En ce jour de commémoration officielle à la mémoire des victimes des persécutions antisémites et racistes - les Juifs et les Tziganes- commises par l’Etat français sous l’autorité du gouvernement de Vichy et en hommage aux Justes de France, je dédie mes paroles aux « Justes des Nations », ces hommes et ces femmes de toutes origines, souvent modestes, connus ou anonymes, qui ont sauvé des Juifs, en particulier des enfants, pendant l’occupation, malgré les risques encourus. Ils témoignent que les êtres humains peuvent avoir d’autres options que la soumission à un Régime criminel.

Je rends hommage aux Résistants, aux anciens déportés, aux derniers témoins et à tous ceux, anonymes, dont le courage et la détermination ont concouru à vaincre la menace totalitaire. Car, comme l’a dit Madame Simone Veil, « face à la folie exterminatrice, face à l’horreur du système nazi, il y a eu l’amitié et l’humanité qui ont su résister. Ce sont les 2 faces des êtres qui ont été mêlés à cette monstrueuse entreprise. »

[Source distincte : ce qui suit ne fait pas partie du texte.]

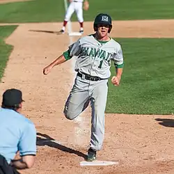 - With a runner on third and two outs, batter hits a fly ball over centerfielder's head. It bounces several times as it rolls to the wall. The runner on third runs safely home and easily scores a run. Meanwhile, the batter safely reaches first, then tries to advance to second. The centerfielder, having retrieved the ball, throws the ball to the second baseman and the runner is tagged out as he slides into second. Since the runner stepped on home plate before the batter was tagged out at second for the third out of the inning, his run will count.[1]
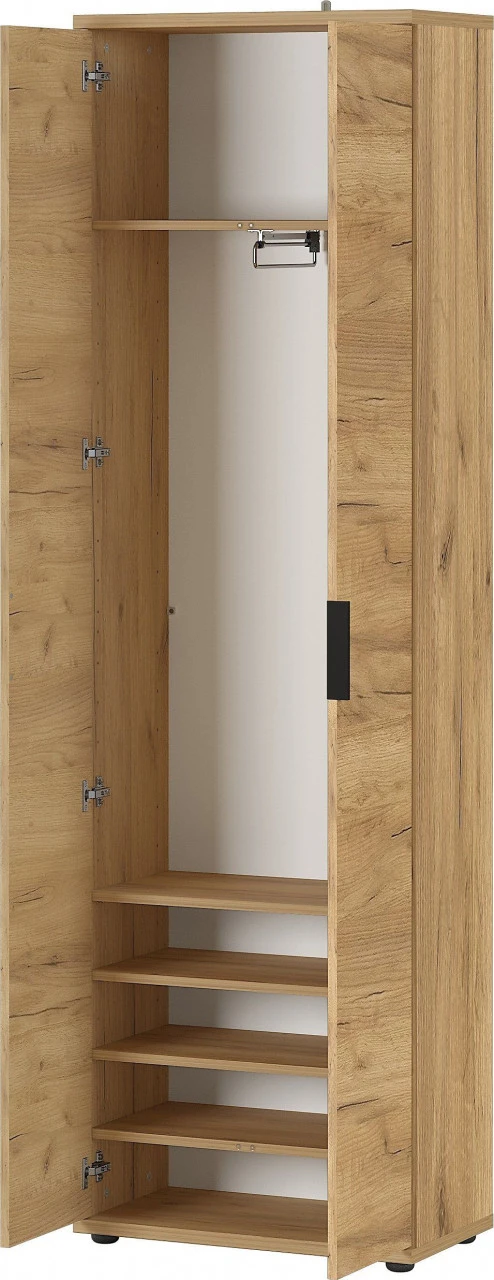 · Garderobenschrank mit zwei Türen, dahinter fünf Einlegeböden, vier davon verstellbar (jeweils belastbar bis zu 10 kg), Unterboden belastbar bis zu 15 kg, mit ausziehbarer Kleiderstange am festen Boden (belastbar bis zu 7 kg), ein Kantengriff aus Metall in schwarz, vier schwarze Möbelgleiter, im Dekor Navarra-Eiche-Nb., hochwertige ABS-Kanten, Melaminharzbeschichtung, Made in Germany.

Cependant , je m’interroge, plus que jamais, sur le sens de cette commémoration : la commémoration officielle peut avoir son revers, celui de figer la mémoire et de la banaliser si l’on s’en tient aux formules compassionnelles ou incantatoires, au sempiternel « plus jamais ça », qui n’engagent à rien, qui sont souvent source d’oubli et qui sont régulièrement trahis dans le monde depuis la fin de la 2ème guerre mondiale.

"Que reste-t-il des cris des enfants juifs innocents arrachés à leur mère, dans une commémoration institutionnalisée ?( Georges Bensoussan).

Certains, en France, se plaignent d’un « trop plein » de commémorations, suscitant l’envie ou le rejet, en y voyant une marque de complaisance, un geste sans signification, ou même, un signe d’ethnocentrisme des Juifs de France.

Face à ce questionnement et à ces critiques, j’affirme la nécessité de ces moments de remémoration collective en ce lieu de mémoire privilégié (Place de la République), qui s’inscrivent dans la tradition juive nous enjoignant de nous souvenir et de transmettre, et dans la tradition républicaine de la France, empreinte du souci de justice, de vérité et de respect de la personne humaine.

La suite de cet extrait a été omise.